Bake the season with this juicy, tangy, sweet pie filled with ripe nectarines and plump blueberries.
Topped with a homemade flaky crust cut into shapes with your favorite cookie cutter, you’ll be the star of your next celebration with this delicious Nectarine Blueberry Pie!
While in our favorite grocery store the other day, with a completely different recipe in mind, I saw a giant bin of gorgeous nectarines. I took a sharp turn with my cart and chased down the ripest, most beautiful fruits I could grab. Then this pie happened and we watched some very happy folks eat it up!
- homemade or store-bought double crust pie pastry
- granulated sugar
- cornstarch or flour – we prefer cornstarch for nice clear juices
- lemon juice and zest
- fresh nectarines or peaches
- half of a small apple, peeled, cored and grated – we add grated apple because the natural pectin helps thicken hold the filling together.
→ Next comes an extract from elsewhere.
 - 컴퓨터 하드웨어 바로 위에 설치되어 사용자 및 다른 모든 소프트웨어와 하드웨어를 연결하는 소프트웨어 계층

- egg yolk for brushing on top
- milk or cream mixed with the egg yolk
- granulated sugar for topping
How to make Nectarine Pie
1. First prepare the pie crust
Prepare the pie crust as directed. Line a large baking stone or heavy duty baking sheet with foil and place in the cold oven. Preheat the oven to 375 degrees F. Roll one of the pastry disks into a circle large enough to allow a 1-inch overhand on your pie pan.
Trim the excess dough with kitchen shears. Fold and crimp the dough around the edges. Set aside
2. Mix the pie filling ingredients
Next whisk together the sugar, cornstarch and lemon zest. Place the sliced nectarines and blueberries in a large bowl. Add the sugar mixture along with the lemon juice and grated apple. Gently fold with a spatula to combine.
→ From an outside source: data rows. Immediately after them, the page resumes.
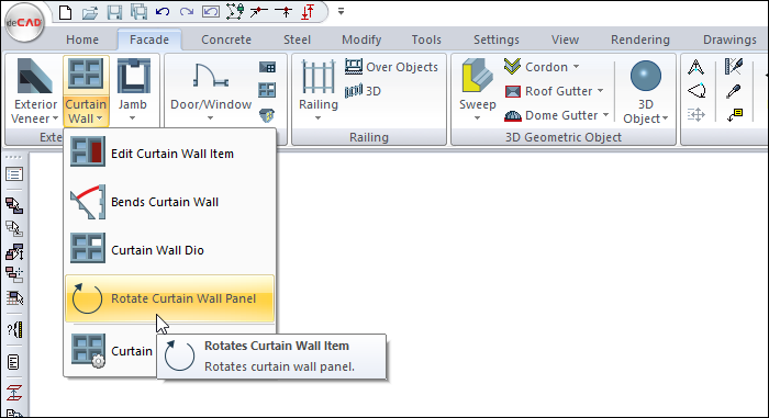 The Rotate Curtain Wall Panel command allows the curtain walls to be defined at a different angle from the curtain wall panel. With this command, windows are opened at a certain angle on the curtain wall.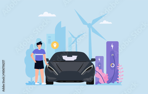 Study at the university, vector flat illustration. Huge planet Earth globe with graduation hat and micro characters students with book, pencil, calculator. Global study, education, knowledge.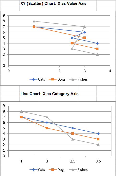 We will display this data on two types of charts: the first chart is an XY (Scatter) chart with X as a Value Axis, and the second chart is a line chart with X as a Category Axis.

Pour the filling into the prepared pie crust spreading into an even layer.
3. Top with remaining pie dough
Roll out the remaining pastry and cut into shapes using a cookie cutter. Place the cut-outs over the filling.
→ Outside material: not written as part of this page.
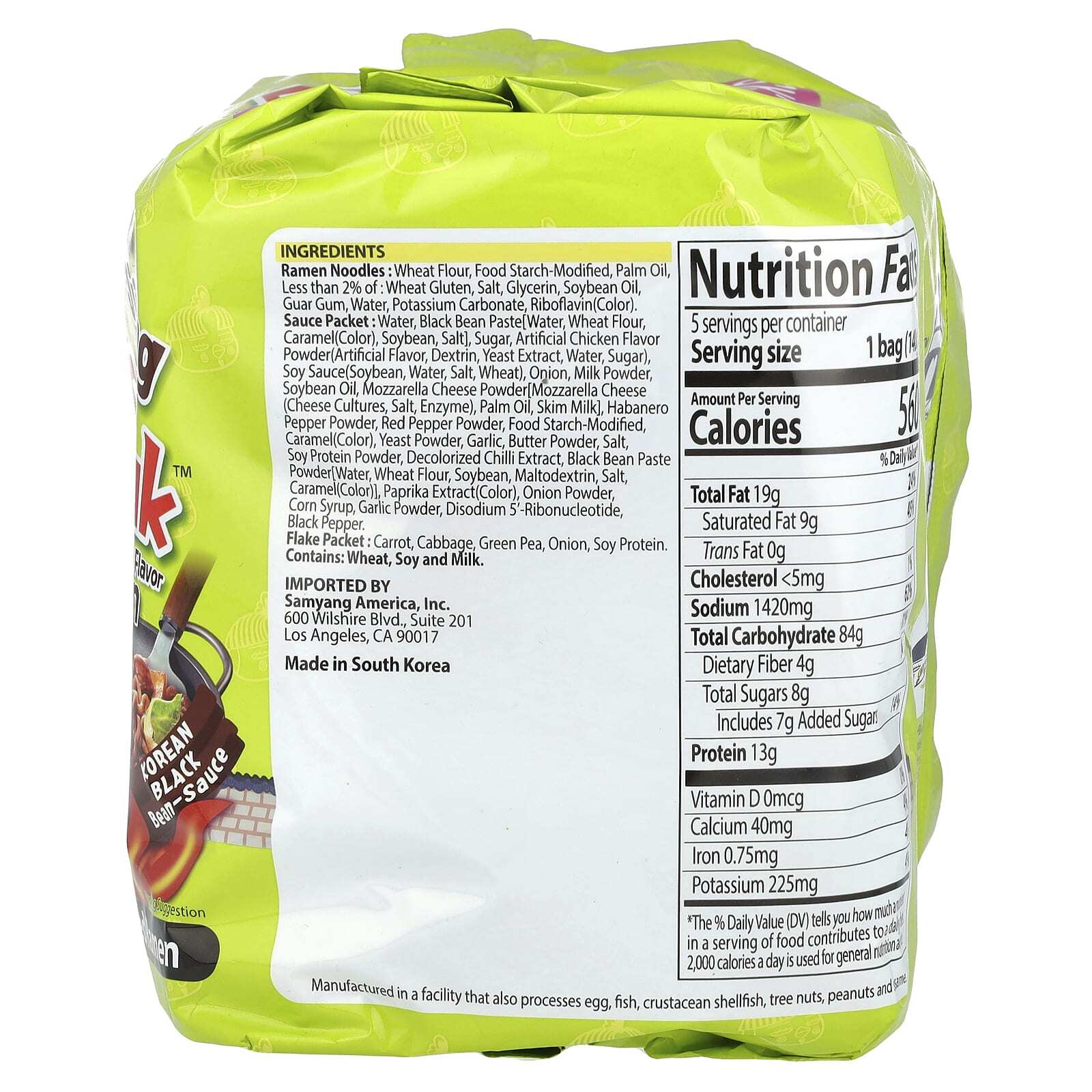 Лапша рамен: пшеничная мука, модифицированный пищевой крахмал, пальмовое масло, менее 2% пшеничной глютена, соль, глицерин, соевый лецитин, полиглицериновые эфиры жирных кислот, карбонат калия, карбонат натрия, натрия фосфат двухосновная гуаровая камедь, токоферолы, рибофлавин (краситель). Пакетик соуса: вода, паста из черной фасоли (пшеничная мука, сою, соль, вода, карамель), сахар, порошок искусственного куриного ароматизатора (искусственный ароматизатор, декстрин, сахар, соль, кукурузный крахмал, динатрия инозинат, гуанилат динатрия, порошок из яичного белка, декстроза безводная, чесночный порошок, дрожжевой экстракт), приправа из соевого соуса (соевые бобы, вода, соль, пшеницы, соляная кислота, карбонат натрия, гидроксид натрия, кукурузный сироп с высоким содержанием фруктозы, чеснок, динатрия инозинат, гуанилат динатрия, стевиолгликозиды, мальтодекстрин, сахар), лук, сухое цельное молоко, соевое масло, приправа для острого перца (красный перец декстрин, соль, сахар, луковый порошок, экстракт дрожжей, искусственных ароматизаторов, чесночный порошок, диоксид кремния, соевый соус [вода, сою, пшеницы, соль], стручковый перец, паприка, динатрия инозинат, динатрий гуанилат), смешанный порошок сыра (сыр моцарелла [молоко, культуры сыра, соль, ферменты], сливки, сухое обезжиренное молоко, полифосфат натрия, фосфат натрия трехосновный, лактозы, паприка, пальмовое масло, декстрин, казеинат натрия, сыр чеддер [молоко, культуры сыра, соль, ферменты], сывороточный порошок, уровня молочной кислоты, глицериновые эфиры жирных кислот, экстракт аннато (краситель), искусственный ароматизатор], менее 2% пищевых добавок, модифицированных крахмалом, карамель (краситель), экстракт дрожжей, чеснок, масло, соль, соевый протеин, стручковый перец, порошок пасты из черной фасоли (вода, пшеничная мука, сою, мальтодекстрин, соль, кукурузное масло, карамель (краситель), моногидрат декстрозы), олеорезин паприки (краситель), луковый порошок, кукурузный сироп, чесночный порошок, динатрия инозинат, гуанилат динатрия, порошок черного перца, карбонат калия, карбонат натрия, динатрия фосфат, пирофосфат натрия. Пакетик хлопьев: морковные хлопья, капустные хлопья, сублимированный зеленый горошек, луковые хлопья, соевый протеин в хлопьях.

Combine the egg yolk and milk. Brush the crust with the mixture then sprinkle with coarse sugar.
4. Bake the Pie
Place the pie on the foil lined baking sheet and bake for 75 to 90 minutes or until the crust is golden brown and the filling is bubbling. Check the pie after 45 minutes and if over-browning, tent loosely with foil.
5. Cool and serve
For best results allow the pie to cool on a rack to room temperature before slicing with a sharp knife. Serve topped with vanilla ice cream.
Store leftovers in the refrigerator for up to 5 days.
When making a fruit pie one of the biggest challenges is getting it to hold together once the juices are released.
One of my favorite tricks for a thicker filling is to mix in half a grated apple before baking. The apple helps thicken the filling, which helps it hold together with the perfect texture. Fruit pies are my jam!
While a slice of homemade pie is out of this world delicious when served warm from the oven, it holds together much better when cooled completely. This is a juicy pie with great flavor, and if cut while still warm I can’t guarantee it will hold together perfectly.
When given the chance to cool, this pie slices beautifully and tastes amazing!
You can refrigerate the pie once cooled and still have a tasty treat, and be guaranteed to not lose all the filling in a soupy mess. Pies are made to be a bit messy – so if you don’t care about perfect slices, serve it in bowls with a spoon and a big scoop of ice cream. The taste will still be fantastic no matter how it looks.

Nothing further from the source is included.